Donald Trump’s protectionism became one of the reasons for the pause in the Fed’s monetary normalization
The derivatives market has increased the probability of the Fed’s rate cut in 2019 from 7% up to 17% in three days; however, the FOMC officials, along with Bloomberg experts, still believe in continuation of the monetary normalization cycle. According to Atlanta Fed president, Raphael Bostic, the Fed can afford to increase the interest rate by 25 bps this year, followed by one more rate hike in 2020. As long as the US economy is running fine. 59% out of almost 300 Bloomberg respondents, businessmen, believe that the interest rate will be higher than the current level of 2.5% in late 2020. Who is right? As usual, economic data will give a clue.
Forecast for the Fed interest rate in late 2020
Source: Bloomberg
According to 10% of economists, the U.S. should face a recession already in 2019; 42% of them believe that it will occur in 2020, 25%-in 2021; the rest of them suggest a later period or don’t say anything for sure. Fed vice chair Richard Clarida notes that the U.S. economy is in a perfect state, and the chief risks are coming from abroad. A decline in global growth sets the US export back and affects the financial markets that, accordingly, are the main channel to convey the Fed’s monetary policy. The policy-maker has just forgotten to mention that the main reason, pressing down global GDP growth, is Donald Trump’s protectionism.
The US president might have been trying to end the Fed’s monetary normalization cycle by boosting import tariffs And he has succeeded, indeed!
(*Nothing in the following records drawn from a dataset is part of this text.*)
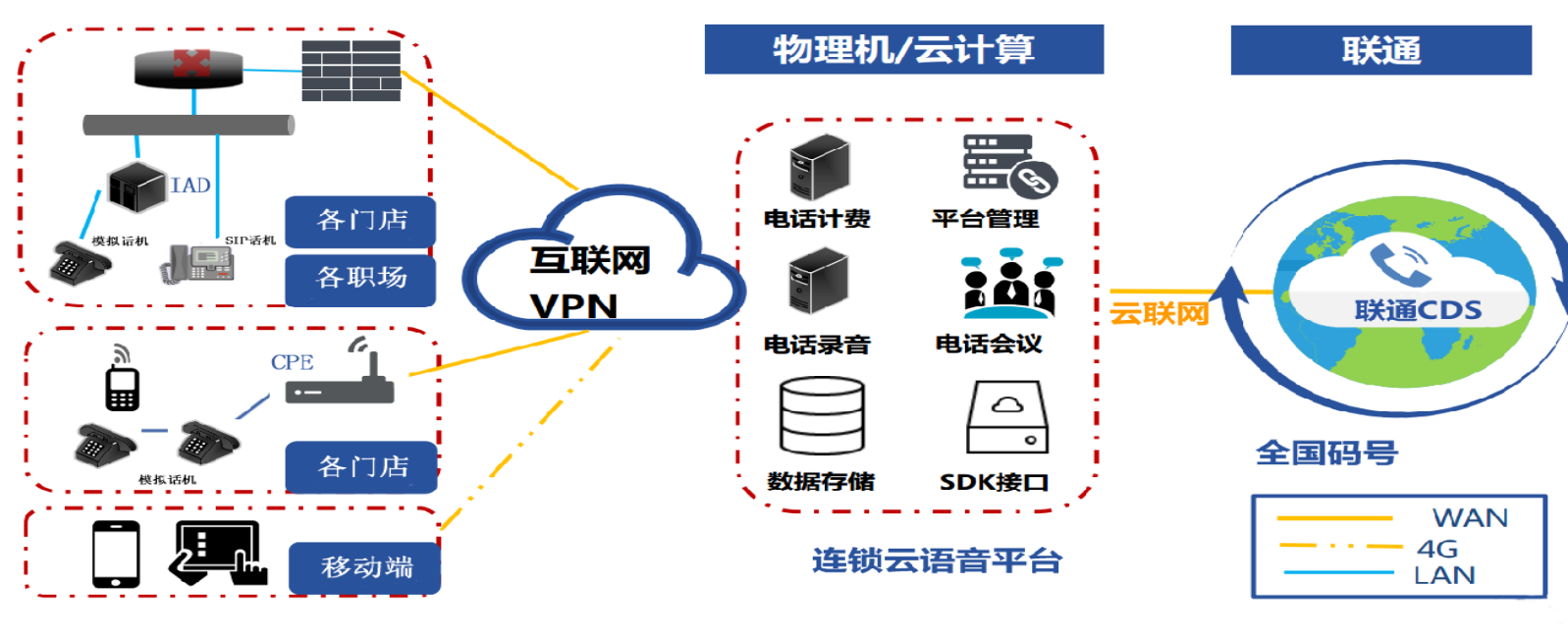 为连锁企业一点下单,全国部署,统一集中管理全国门店语音。对于未覆盖资源区域,免施工,可快速部署提供低廉的电话会议、群组沟通模式。通话清单随时可查,费用报表清晰可得全国门店内部分机,沟通免费。无需各门店申请开通,总部统一申请。免去网络建设、维护烦恼,即需即用。各门店语音网络无成本组网,内部通话免费
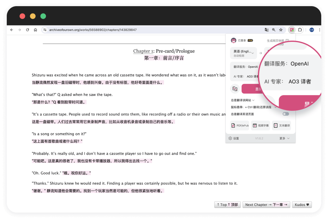 针对 AO3 社区的独特需求,我们开发了一款创新的 AO3 AI 翻译专家。你可以在沉浸式翻译支持的 AI 类翻译服务(如 OpenAI、Claude、Gemini)中使用它,我们致力于为 AO3 爱好者提供更加精准、流畅的阅读体检。
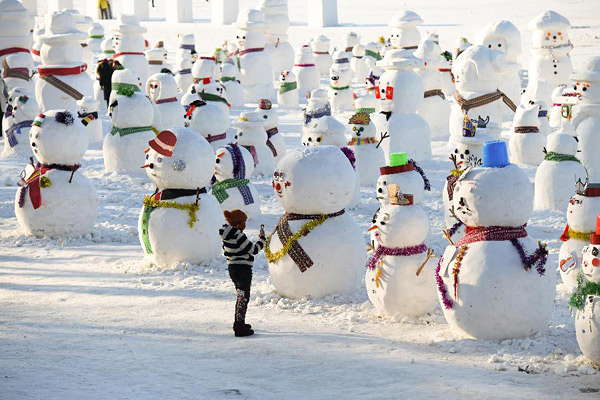 1月2日,一名游客在拍摄雪人。2019个各式各样的雪人,近日在冰城哈尔滨市的松花江畔亮相,引来众多市民游客游玩观赏。
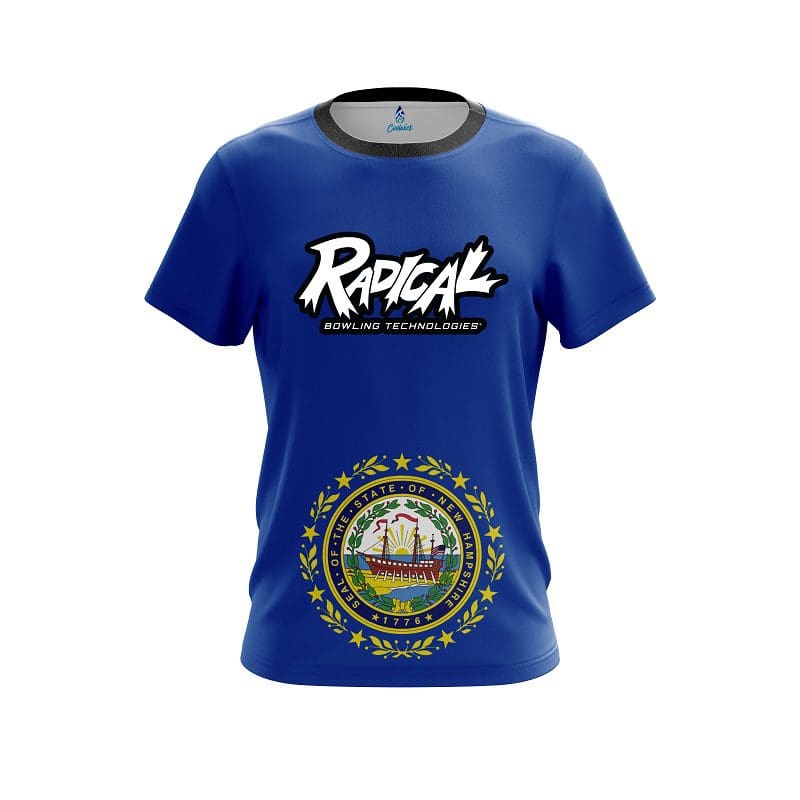 Stay 40% cooler with CoolWick. Our Radical New Hampshire Flag CoolWick Bowling Jersey are made of two different fabrics with the back being our CoolWick technology fabric that helps wick moisture away and helps air flow more easily through the fibers.

Even if the former Fed CEO Janet Yellen insists that the US president doesn’t understand the central bank’s mission and he could hardly say what it the goal Fed’s policy, but still, he achieves what he wants.
Now Trump needs the recovery of stock indexes that, according to him, reflect the president's effective work. So, there are needed investors, who would believe in “substantial progress” in the US-China trade talks. And the U.S. president first extends a March 1 deadline, next, he says that the agreement with Xi Jinping would be signed in the near future. And Presto! The stocks are rising all over the world and the S&P 500 is climbing to its three-month highs.
Dynamics of Dow Jones and Shanghai Composite
Source: Wall Street Journal
However, the conflict easing presses down the dollar. Another target of the U.S. president.
It is quite funny with the euro too. The ECB, following its meeting on March 7, may give a surprise, like the LTRO launch and...simultaneous interest-rate hike in September. This decision will support the euro-area banking system, but financial markets will see it as monetary restriction. It may encourage the EUR/USD bulls to go ahead. The major currency pair is still trading close to the middle of figure 13; it is looking forward to the report on the US GDP for Q4, 2018. Investors are unwilling to go ahead, however, the breakout of the resistance at 1.137-1.1375 may inspire them for action.